Pitbulls: Landlord Discounts Rent If You Adopt A Dog

This Woman's Reinvention Is For The Dogs...Literally

Landlord Sandy Zalagens' ad seeking a tenant for one of her 12 units may be one for the dogs. It read: "Rent is $950; $150 a month discount if you adopt Big Louie."

Big Louie is an 80-pound gray brindle Pitbull.

Jessie McElwee stepped up and now is living quite happily with the big guy -- and a cat -- in the Los Angeles apartment. Zalagens, a realtor with Keller Williams in Los Angeles, calls McElwee her "dream tenant" and acknowledges that her ad may have danced around some fair housing laws. Truth is, she isn't sure and nobody is lining up to tell Big Louie that he has to move on.

"Yeah, it probably wasn't legal and I did catch some flack," Zalagens said, "but dog-rescuing is important to me." She rescued her first dog in 1993 and began doing it in earnest seven years ago. She sponsors a rescue dog every time she sells a house and has rallied the support of her real estate office in fund-raising races for rescues.

Dogs feature prominently in the 47-year-old Zalagens' second act. Selling real estate may still pay the bills, but the passion comes in finding homes for displaced dogs. For the past few years, she's focused her efforts on pets made homeless through foreclosures.

One thing that typically happens when a family loses their home is that they become renters. And landlords, by and large, haven't allowed them to move in with pets, Zalagens said. Shelters confirm this and note that the housing crisis has caused their intake to skyrocket. Pet-adverse landlords have left people with the choice of turning their four-legged friends in to shelters or worse, setting their dogs and cat loose in the neighborhood to fend for themselves.

"Landlords who don't permit pets to move in are a huge part of the homeless pet problem," Zalagens said, when asked what led to her unusual rental offer. "I just felt I had to do something to address that." So she put her money where her mouth is and made Big Louie part of the rental deal. And while the offer was couched in terms of a rental discount, the message was clearly "take him or leave it." Zalagens, who says she hopes to rid the rental market of discrimination against pet owners, is working on compiling a list of pet-friendly landlords.

"Dogs are my big why," Zalagens said. She lives in the West Adams area of Los Angeles, a neighborhood of historic homes. Many of her rescues come from her neighborhood, she says.

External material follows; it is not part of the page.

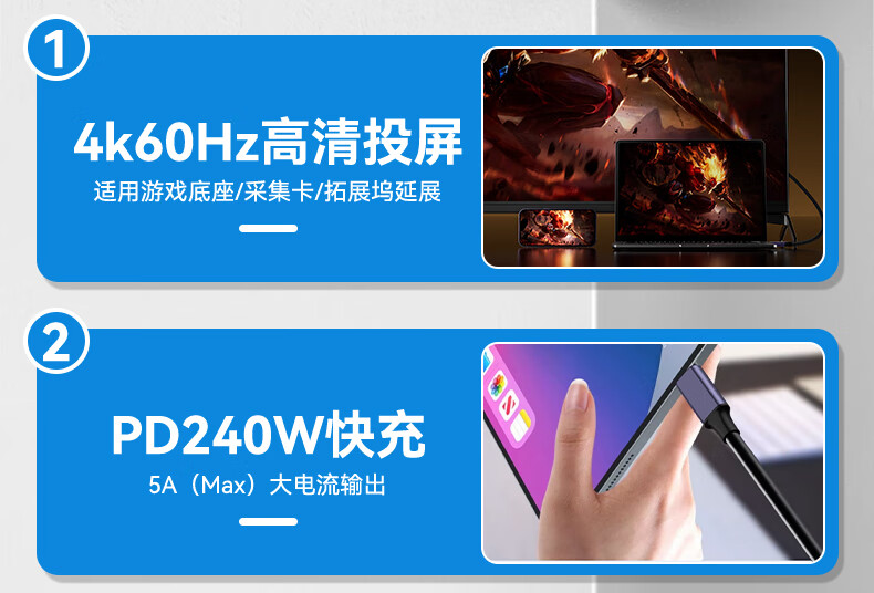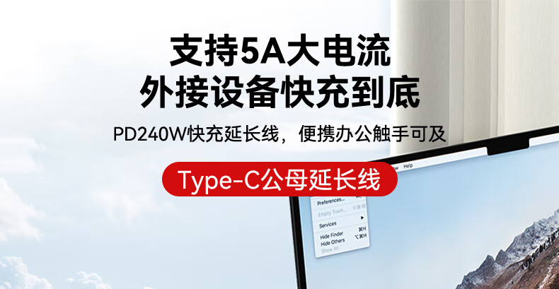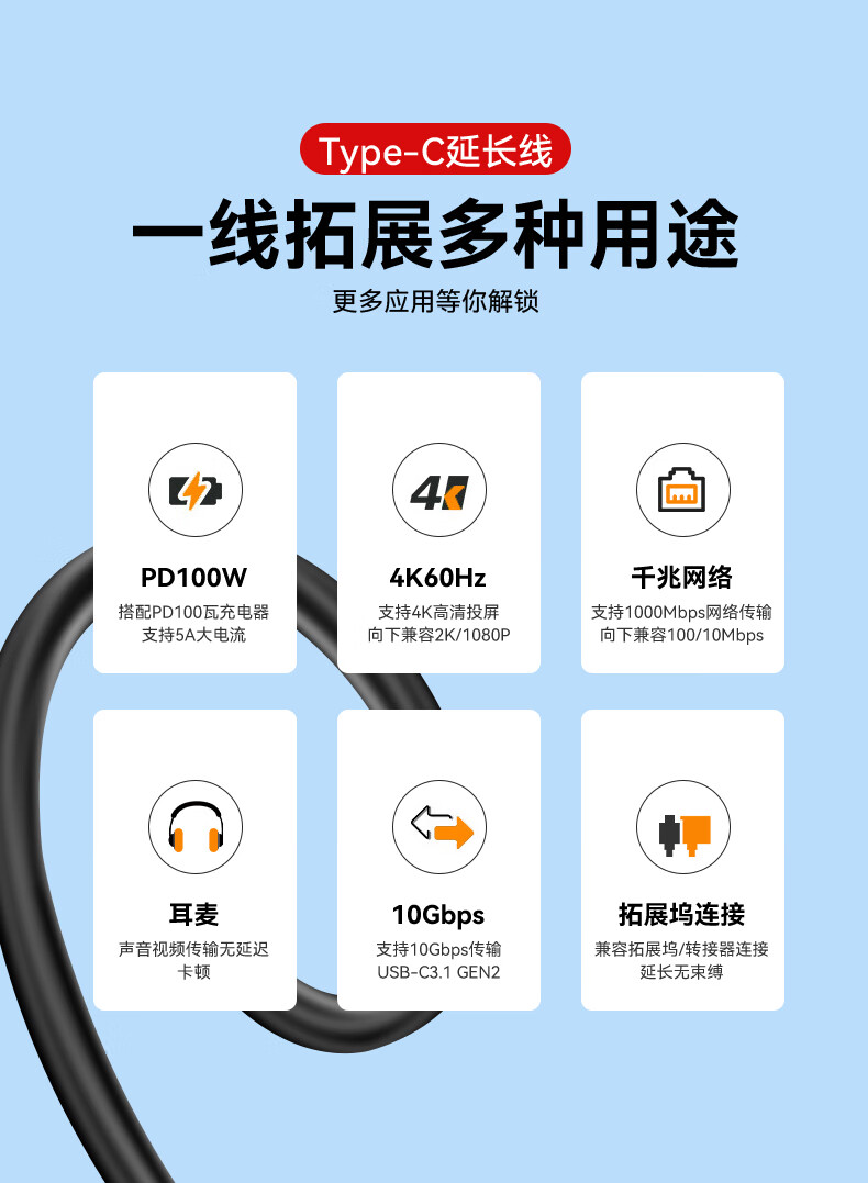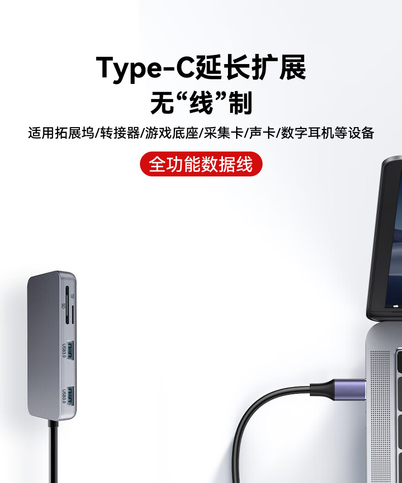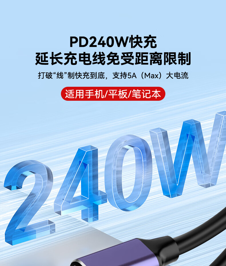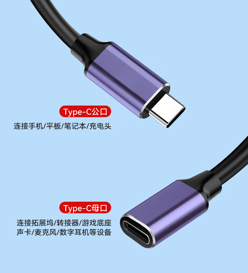 Type-C male-to-female extension cable is suitable for docking station switch adapter game chicken extension cable microphone extension conversion PD240W fast charging audio and video transmission Type-C male-female extension cable Note: distinguish single-sided compatible use 0.5 meters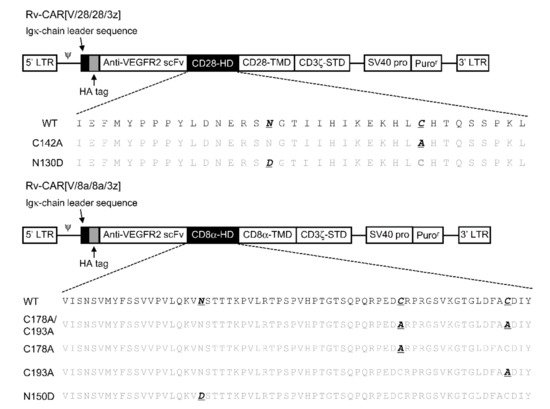 The basic structure of CAR followed the previous report [7]. The notation and structure of various structurally modified CARs and the amino acid sequence of the HD part are summarised in Figure 2. An HA-tag was incorporated into the N-terminus of CAR. We took two CARs consisting of a mouse-VEGFR-specific scFv tandemly linked to a CD28- or CD8α-derived HD/TMD and a CD3ζ-derived STD as our basic structural units. We then constructed six structural variants of these CARs by substituting cysteines in the HD with alanine and by substituting various amino acids in a region described as a potential glycosylation site in the literature [13] as well as in protein databases. In the CD28-derived HD, we substituted one cysteine residue with one alanine and one asparagine that is an N-linked glycosylation site with aspartate. In the CD8α-derived HD, we substituted either one, the other, or both cysteine residues with alanine, in addition to substituting one asparagine, an N-linked glycosylation site, with aspartate.

While she rescues all breeds, she admits to being a soft touch for a pitbull in need. Why? "They are the underdog of today's dog world." She blames the perception of the breed as vicious and untrustworthy on irresponsible owners and backyard breeders. Insurance companies have been known to charge more for homes with pitbulls. Yet many pitbull owners swear by the gentle nature of their pets.

As for Big Louie, his story is pretty typical. He was abandoned by his family and left to roam the neighborhood. Before Zalagens could get to him, he was picked up by animal control. Zalagens located him in a South L.A. shelter and convinced Downtown Dog Rescue -- one of the rescue groups she regularly works with -- to spring him and foster him until she could find him a permanent home.

Big Louie certainly appears to be a happy camper nowadays. Sharing the couch with his co-tenant cat, "He's just a big mush," Zalagens said.

"Big Louie happened to be a pitbull," she said, "but if he had been a little Yorkie, my ad would have said "$150 discount on rent if you adopt this cute Yorkie" and the apartment probably would have rented in a minute instead of two weeks."